Anusha Shetty, director, strategy, site startup, and engagement at Veeva

Anusha Shetty, director, strategy, site startup, and engagement at Veeva

Completing study start-up in clinical trials takes determination, coordination, and continuous process improvement. The average time from site identification to study start-up completion is nearly eight months.1 This reflects challenges as teams continue to work in silos, follow complex workflows, and manage international regulations.

A top 20 biopharma found that applying a four-step methodology supported by advanced clinical applications for early trial processes could decrease selection to site activation time by 30% and start-up packet sent to activation time by 36%.
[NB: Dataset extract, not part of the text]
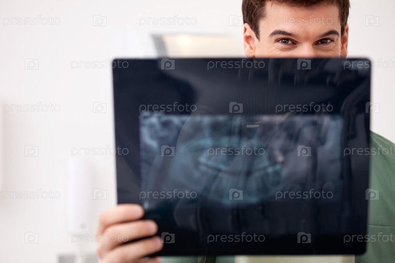 Счастливый улыбающийся стоматолог с рентгеновским снимком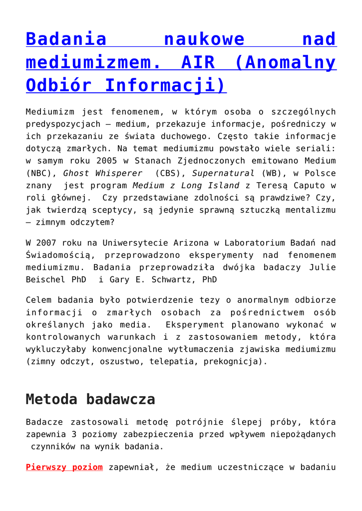 Badania naukowe nad mediumizmem. AIR (Anomalny Odbiór Informacji) Mediumizm jest fenomenem, w którym osoba o szczególnych predyspozycjach – medium, przekazuje informacje, pośredniczy w ich przekazaniu ze świata duchowego. Często takie informacje dotyczą zmarłych. Na temat mediumizmu powstało wiele seriali: w samym roku 2005 w Stanach Zjednoczonych emitowano Medium (NBC), Ghost Whisperer (CBS), Supernatural (WB), w Polsce znany jest program Medium z Long Island z Teresą Caputo w roli głównej. Czy przedstawiane zdolności są prawdziwe? Czy, jak twierdzą sceptycy, są jedynie sprawną sztuczką mentalizmu – zimnym odczytem? W 2007 roku na Uniwersytecie Arizona w Laboratorium Badań nad Świadomością, przeprowadzono eksperymenty nad fenomenem mediumizmu. Badania przeprowadziła dwójka badaczy Julie Beischel PhD i Gary E. Schwartz, PhD Celem badania było potwierdzenie tezy o anormalnym odbiorze informacji o zmarłych osobach za pośrednictwem osób określanych jako media. Eksperyment planowano wykonać w kontrolowanych warunkach i z zastosowaniem metody, która wykluczyłaby konwencjonalne wytłumaczenia zjawiska mediumizmu (zimny odczyt, oszustwo, telepatia, prekognicja). Metoda badawcza Badacze zastosowali metodę potrójnie ślepej próby, która zapewnia 3 poziomy zabezpieczenia przed wpływem niepożądanych czynników na wynik badania. Pierwszy poziom zapewniał, że medium uczestniczące w badaniu nie posiadało żadnych wiadomości na temat zmarłych (oprócz imienia), z którymi mało się komunikować ani żadnych danych na temat ich rodzin lub osób żyjących, które chciały nawiązać kontakt. Drugi poziom – zastąpienie osoby, która chciała się kontaktować ze zmarłym – niezależnym eksperymentatorem pośredniczącym przy kontaktach z medium. Eksperymentator nie znał informacji na temat kontaktującego się i zmarłego. Wprowadzenie pośrednika przy kontaktach miało wyeliminować czynnik potencjalnego „zimnego odczytu” czyli sytuacji, kiedy medium może odczytywać informacje o zmarłym na podstawie świadomego lub nieświadomego zachowania osoby kontaktującej się. Zastosowanie tej metody eliminuje także telepatię (odczytanie przez medium myśli osoby kontaktującej się ze zmarłym) jako jedno z wyjaśnień zjawiska. Trzeci poziom zabezpieczenia badania (oślepienia) – osoby, które kontaktowały się ze zmarłymi miały za zadanie ocenić wynik komunikacji, dostarczony przez medium. Ocena takiego wyniku nazwana jest tutaj scoringiem. Osoba wykonująca scoring, dostawała dwa zestawy odpowiedzi, nie wiedząc który z nich zawierał informację otrzymaną od jego bliskiego zmarłego. Uczestnicy badania: W badaniu uczestniczyło ośmiu studentów Uniwersytetu Arizona, którzy pełnili rolę komunikujących się ze swoimi bliskimi – zmarłymi. W doświadczeniach wzięło udział także ośmioro mediów, które wcześniej ujawniły zdolność do przekazywania dokładnych danych o osobach zmarłych. Procedura potrójnie ślepej próby: Informację o każdym ze zmarłych (z którym planowano się komunikować) były zbierane przez asystenta, który w późniejszym etapie nie kontaktował się z mediami. Opisy te były następnie przez asystenta układane w pary, w celu optymalizacji różnic pod względem wieku, fizycznego wyglądu, opisu osobowości, powodu śmierci, hobby opisanych zmarłych. Czterech zmarłych rodziców połączono z czterema zmarłymi rówieśnikami tej samej płci, co w sumie stanowi cztery pary badawcze. Warto zauważyć, że procedura ta „oślepia” oceniających wynik komunikacji (wykonujących scoring) poprzez połączenie w pary zmarłych tej samej płci a jednocześnie optymalizuje możliwość zróżnicowania wykonywanej oceny dwóch scorowanych przypadków komunikacji. Komunikacje ze zmarłymi Każde z ośmiu mediów przeprowadziło po dwie komunikacje: po jednym dla każdego z danej pary. Każda z czterech par była zatem komunikowana przez dwa różne media, co daje w sumie osiem komunikacji dla par badanych przypadków. Medium nie otrzymywało żadnych informacji o zmarłym, oprócz imienia tej osoby – co pozwalało medium na skoncentrowaniu się na odpowiednim zmarłym. Odpowiednio wcześniej komunikujący się członek rodziny prosił zmarłego o kontakt z medium; prośba ta mogła być wyrażona za pomocą myśli, słownej prośby lub modlitwy. Przy każdej komunikacji uczestniczył pośredniczący eksperymentator, który nie znał żadnych informacji na temat osób komunikujących się . Udział eksperymentatora w trakcie kontaktu był potrzebny, aby medium czuło się bardziej komfortowo (zazwyczaj media dokonują komunikacji w obecności osób zainteresowanych kontaktem). Studenci nieobecni uczestniczący w eksperymencie nie znali wyników komunikatu aż do momentu oceny wyników (scoringu). Pośredniczący eksperymentator zadawał także pytania medium (podane poniżej). By zoptymalizować warunki badania, komunikacja eksperymentator – medium odbywała się poprzez telefon w ustalonym wcześniej terminie. Każde posiedzenie – komunikacja, składało się z trzech części: 1. Etap ustanowienie kontaktu ze Zmarłym – w tej części eksperymentator podawał medium imię zmarłego. Eksperymentator prosił medium o uzyskanie jakichkolwiek informacji od zmarłego. 2. P r o c e d u r a p y t a ń n a t e m a t ż y c i a – w tej części eksperymentator zadawał medium szereg określonych pytań na temat fizycznego wyglądu, osobowości, hobby oraz przyczyny śmierci zmarłego. 3. Etap komunikacji zwrotnej –eksperymentator pytał czy zmarły ma jakieś pytania, komentarze czy prośby dla bliskiego. który się z nim komunikuje. Ocena wyników komunikacji – scoring Zapis każdej komunikacji był następnie przekształcany przez eksperymentatora w listę informacji i stwierdzeń. Oceny trafności przekazanych informacji dokonywali komunikujący się (studenci). Każdy z komunikujących się

For other companies trying to achieve faster study start-ups, valuable lessons can be learned from their use case, including the importance of measuring key performance indicators (KPIs), ensuring easy access to data, and establishing a sustainable data-driven model.

Source: Veeva

Source: Veeva

1. Identifying companywide KPIs

Establishing KPIs and metrics is the first step in understanding how to streamline existing trial processes. The biopharma used historical data to identify and define what a high-performing study start-up looks like, then kicked off an organization-wide effort to measure cycle times and provide insights.

In addition to gathering KPIs from their top-performing studies, they identified a list of sub-KPIs that track towards achieving the larger study start-up metrics. For example, site IRB submission to approval and first site activated to 80% sites activated. This helped drill into specific areas of improvement.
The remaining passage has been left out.